Draghi ai raggi X: dalle riforme al welfare i nostri opinionisti analizzano il primo discorso del premier
GIOVANNI ORSINA, MARCO REVELLI, STEFANO STEFANINI, MASSIMILIANO PANARARI
LE DINAMICHE PARLAMENTARI
Quell’impronta politica che mette sotto pressione i partiti di maggioranza
Con l’intervento al Senato, Draghi ha dato al suo gabinetto
un’indiscutibile impronta politica. Il suo esecutivo, ha detto in
apertura, «è semplicemente il governo del Paese». Privo di qualifica,
ossia di alcun limite d’oggetto o tempo. E subito dopo ha aggiunto: «Si è
detto e scritto che questo governo è stato reso necessario dal
fallimento della politica. Mi sia consentito di non essere d’accordo.
Nessuno fa un passo indietro rispetto alla propria identità ma semmai …
ne fa uno avanti nel rispondere alle necessità del Paese».

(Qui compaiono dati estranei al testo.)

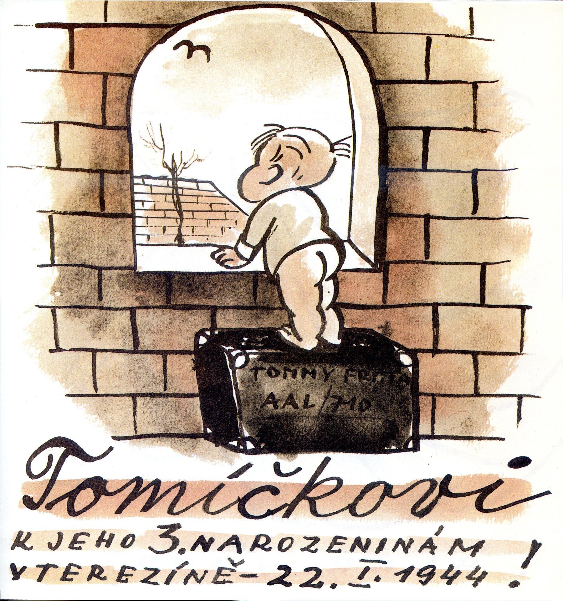 בדז'יך פריטה, צייר, מאייר וקריקטוריסט, הגיע בנובמבר 1941 לגטו טרזין ונתמנה למנהל המחלקה הטכנית שנתמכה בידי הגרמנים אשר הסתייעו באמנים להפצת התעמולה השקרית על הגטו לדוגמא. ואולם בהיחבא ציירו האמנים את המציאות האיומה. נוסף לציוריו המחתרתיים, הכין פריטה לבנו תומי אלבום, מתנה ליום הולדתו השלישי. זה לצד זה משמשים באלבום הצבעוניות העליזה עם סמלים ותכנים המלמדים על מציאות החיים בגטו.
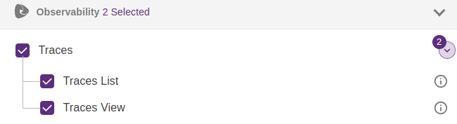 To enable trace viewing, your user must be associated with a role that has the Observability permission grouper selected along with the items below: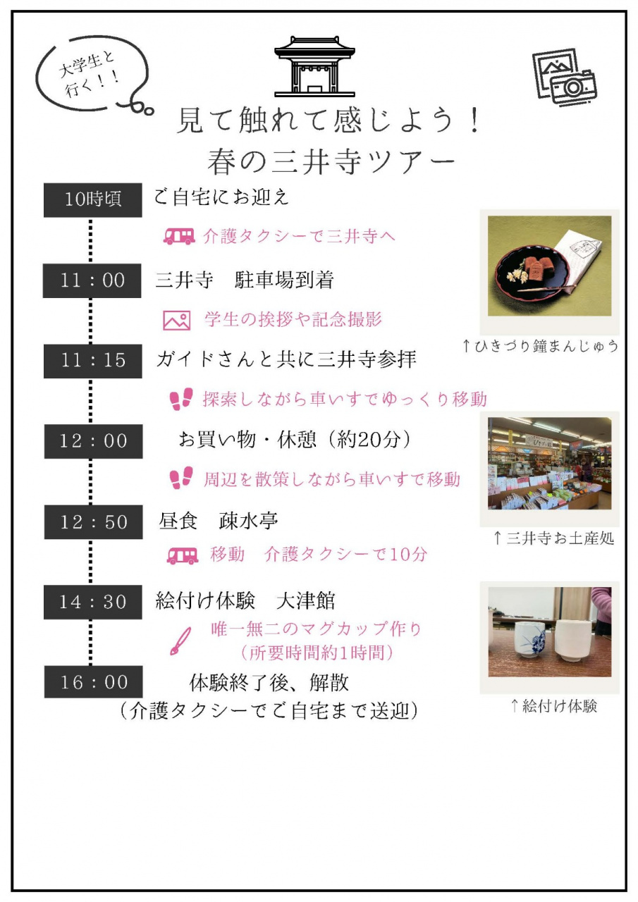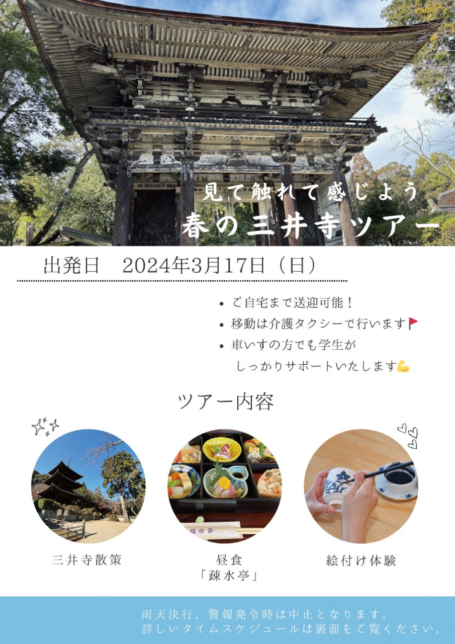 社会学部の『社会共生実習(いくつになっても、出かけられる!~高齢者を元気にする介護ツアー企画~)』(担当教員:現代福祉学科 准教授 髙松智画)では、「見て触れて感じよう 春の三井寺ツアー」を企画し、3/17(日)に実施しました。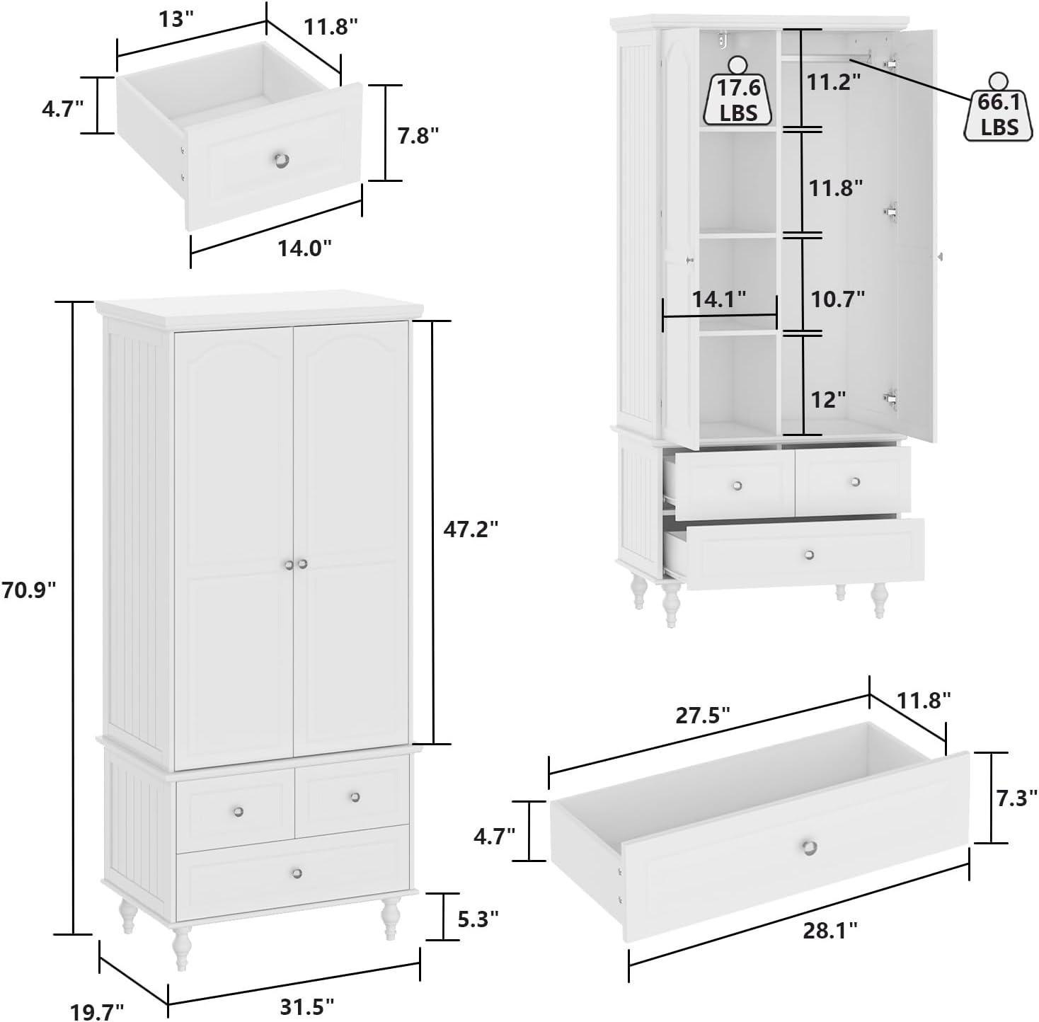 The cabinet’s design strikes a perfect balance between modern minimalism and functional elegance. Its clean white finish lends a fresh, airy feel that effortlessly complements a variety of bedroom styles. The unit’s proportions (19.7″ depth, 31.5″ width, and 70.9″ height) make it a compact yet impactful storage piece, ideal for tight spaces without compromising capacity. Behind the double doors, the strategic combination of shelves and a sturdy hanging rod offers versatile storage for folded clothes, bags, and garments needing to hang freely. The smooth-gliding mechanisms of the three drawers add a subtle touch of sophistication, enhancing convenience while maintaining a sleek profile.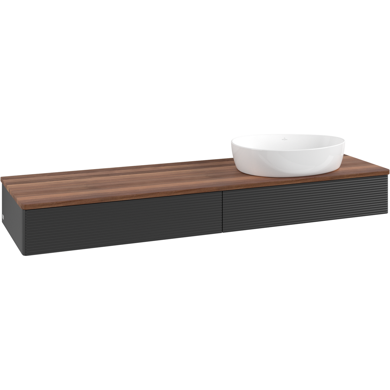 V&b antao servantskap 2 skuffer rillet 1600x190x500 høyre u/kranhull m/lys matt sort/valnøtt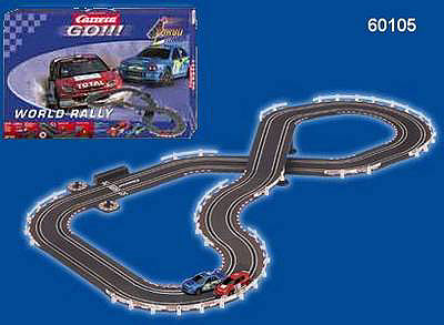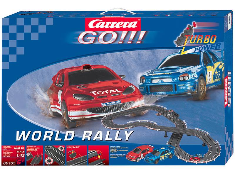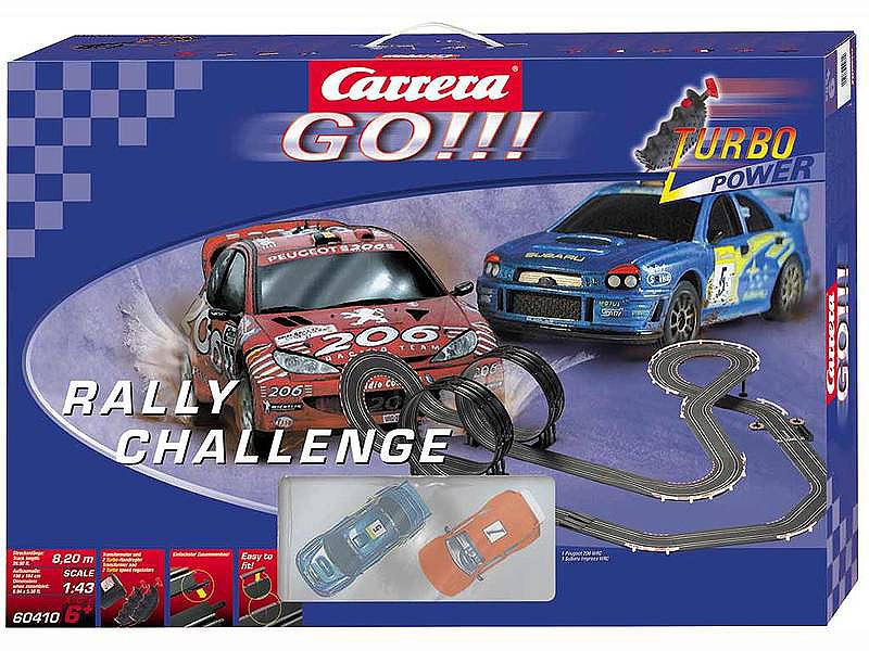 Rallyesport vom Feinsten! Mit den Modellen der populären World Rallye-Klasse, dem Peugeot 206 WRC und dem Subaru Impreza WRC fegst Du über einen anspruchsvollen Kurs und musst sämtliche Tricks und Kniffe anwenden, um die Bestzeit zu setzen! Perfekte Streckenkenntnis ist gefragt, um wie die Großen durch die Kurven zu preschen, den Looping zu bezwingen und hinterher beim Jump die Kontrolle über das Fahrzeug zu behalten! Engstelle und Fly Over-Sektion sorgen für das besondere Montecarlo- Gefühl. Die 8,20 m lange Strecke in dieser Grundpackung bietet viele Streckenverlaufs-Möglichkeiten.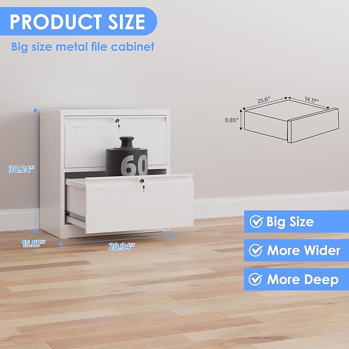 - [All-steel Stable-Rustproof] 2 drawer lateral file cabinet has a reinforced steel frame with a corrosion and stain-resistant powder coat, Rugged and not easily deformed,which is ideal for long-term use.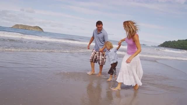 382676 - Parents swinging young son at beach, Costa Rica. Shot on RED EPIC for high quality 4K, UHD, Ultra H
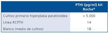 Luego de más de 200 subcultivos la línea celular comenzó a disminuir la secreción de PTH en el medio. Se realizó un experimento aislado de medición de PTHi con kit immulite (DPC)® en medio condicionado (sobrenadante) de cultivos primarios de paratiroides humana (hiperplasia paratiroídea), cultivos de la línea RCPTH y medio de cultivo sólo como blanco. Los resultados son categóricos demostrando que la línea RCPTH perdió la capacidad de secreción in vitro (Tabla 1).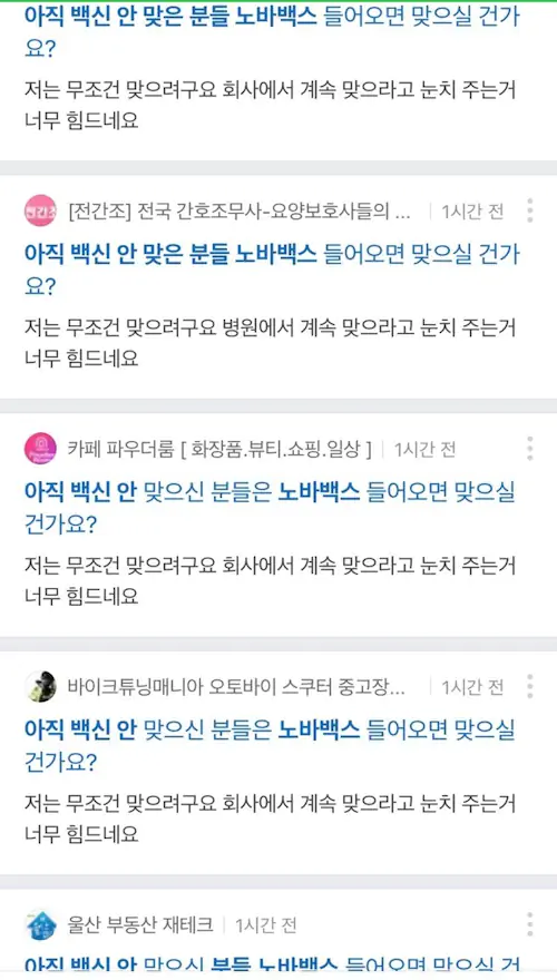 노바백스 백신 홍보를 위해 온라인 여론을 조작하는 세력이 있다는 의혹이 제기됐다. 15일 온라인에는 각종 온라인 카페와 커뮤니티에 올라온 노바백스에 대한 질문과 답변을 캡쳐한 사진이 올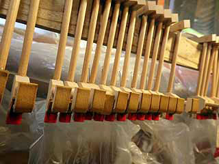 ピアノ底板を取り外して底板分解ぺだる部分解 さらに細部にわたってチェック点検磨きが始まります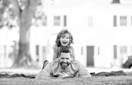 Happy son kid ride fathers back relaxing on blanket laid on grass summer outdoors, fun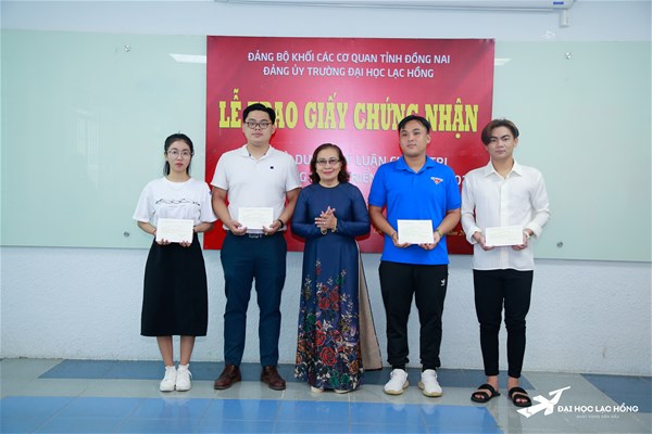 Đ/c Nguyễn Thị Thu Lan - Phó Bí thư Đảng ủy, Phó Hiệu trưởng trao giấy chứng nhận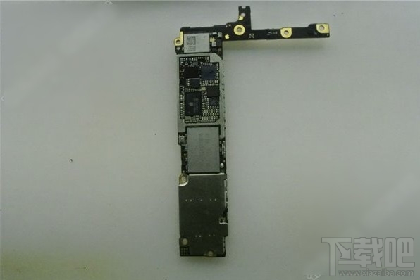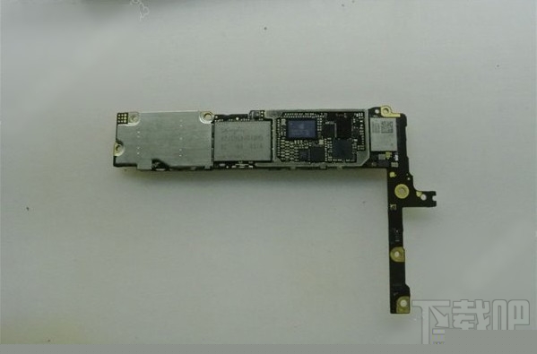 第四步:6plus主板相對比上一代5S的主板更薄了,像摔過擠壓更容易損壞,不過為了把機身做薄就不得不犧牲PCB板的厚度,主板背面中間那一塊白色芯片就是16G的閃存芯片了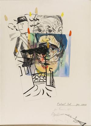 MONDINO ALDO Torino 1938 -2005 Apollinaire combatte tra i calligrammi 1975 Tecnica mista su carta 80x60 cm Firma, data e titolo in basso a destra Mixed media on paper Signature, date and title at the bottom right
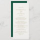 Elegantes Emerald Green Cream Gold Wedding Menü Menükarte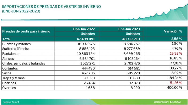 Según Sunat, en el primer semestre de 2023, las importaciones de prendas de vestir para invierno totalizaron alrededor de 49 000 000 de unidades, un aumento de 2,58 % con respecto a similar periodo de 2022.

A conferma di queste premesse, nel suo discorso Draghi si è poi mosso a tutto campo, dalla scuola al fisco, dalla pubblica amministrazione alla sanità, e ha messo sul tappeto una serie di riforme altamente politiche che, anche a volerle solo impostare, richiederebbero ben più dei due anni che restano alla legislatura.
Nel suo breve intervento del 2 febbraio, il Presidente Mattarella aveva chiesto un governo che non si identificasse «con alcuna formula politica». Reggendosi su una maggioranza che non corrisponde a una formula politica, il gabinetto Draghi rispetta appieno il mandato. Ma di per sé una formula politica ce l’ha eccome. Né avrebbe potuto fare a meno di averla, quando si consideri l’ampiezza del Next Generation EU che è chiamato a gestire.
Ora, un governo con formula politica fondato su una maggioranza senza formula politica è destinato a mettere sotto forte pressione i partiti che lo sostengono. La Lega più degli altri, perché è la forza più eccentrica rispetto a quella formula, che si fonda non soltanto sull’europeismo, ma su un europeismo a torsione federalista. Ma non soltanto la Lega: la tensione fra la diversa politicità del gabinetto e della maggioranza varrà per tutti. E su di essa si giocherà parte almeno del futuro della «soluzione Draghi».
GIOVANNI ORSINA, professore ordinario di storia contemporanea alla Luiss
IL TESSUTO SOCIALE
Tutto bene ma che ne sarà dei lavoratori meno smart travolti dalla pandemia?
Una parte del discorso al Senato di Mario Draghi è stata dedicata al sacrificio immenso che il mondo del lavoro ha pagato alla pandemia. Il capo del governo non ha nascosto le cifre drammatiche in termini di occupazione perduta, in particolare dalle figure più fragili, giovani e donne, autonomi e precari, e neppure l’inquietante prospettiva che in un futuro non lontano possa «essere colpito il ‘”posto fisso”, i contratti a tempo indeterminato». E questa attenzione è buona cosa. Meno preciso è stato tuttavia sulle risposte che il nuovo governo è disposto a mettere in campo, per alleviare queste sofferenze. Ha nominato, è vero, il blocco dei licenziamenti, sottintendendo che dovrà essere prorogato, ma non ha detto fino a quando (ed è questione decisiva per chi vuole sapere se sarà tra i sommersi o i salvati). Ha fatto riferimento alla riforma degli ammortizzatori sociali, come materia correlata alla questione del blocco, ma è tema che da più di un decennio sta sui tavoli dei decisori senza che se ne sia finora venuti a capo. Ha nominato le «politiche attive» del lavoro, ma come si sa queste hanno tempi medio-lunghi prima di portare ristoro e non funzionano per tutti. Ha anche promesso che, per lo meno nell’immediato, tutti i lavoratori colpiti dovranno essere soccorsi (s’immagina con sussidi). Ma anche in questo caso fino a quando la rete di protezione sarà attiva, e quando verrà ritirata? Una frase gettata lì quasi per inciso lascia trapelare qualche indizio: quella relativa al soccorso alle imprese, «ma non a tutte», solo a quelle con potenzialità innovative serie: è un principio ben radicato dell’ideologia prevalente, ma può valere nello stato d’emergenza che attraversiamo? E soprattutto, che ne sarà nel medio periodo dei dipendenti nei settori meno «smart»? Insomma, avrei preferito anche ora, su questi temi, un whatever it takes.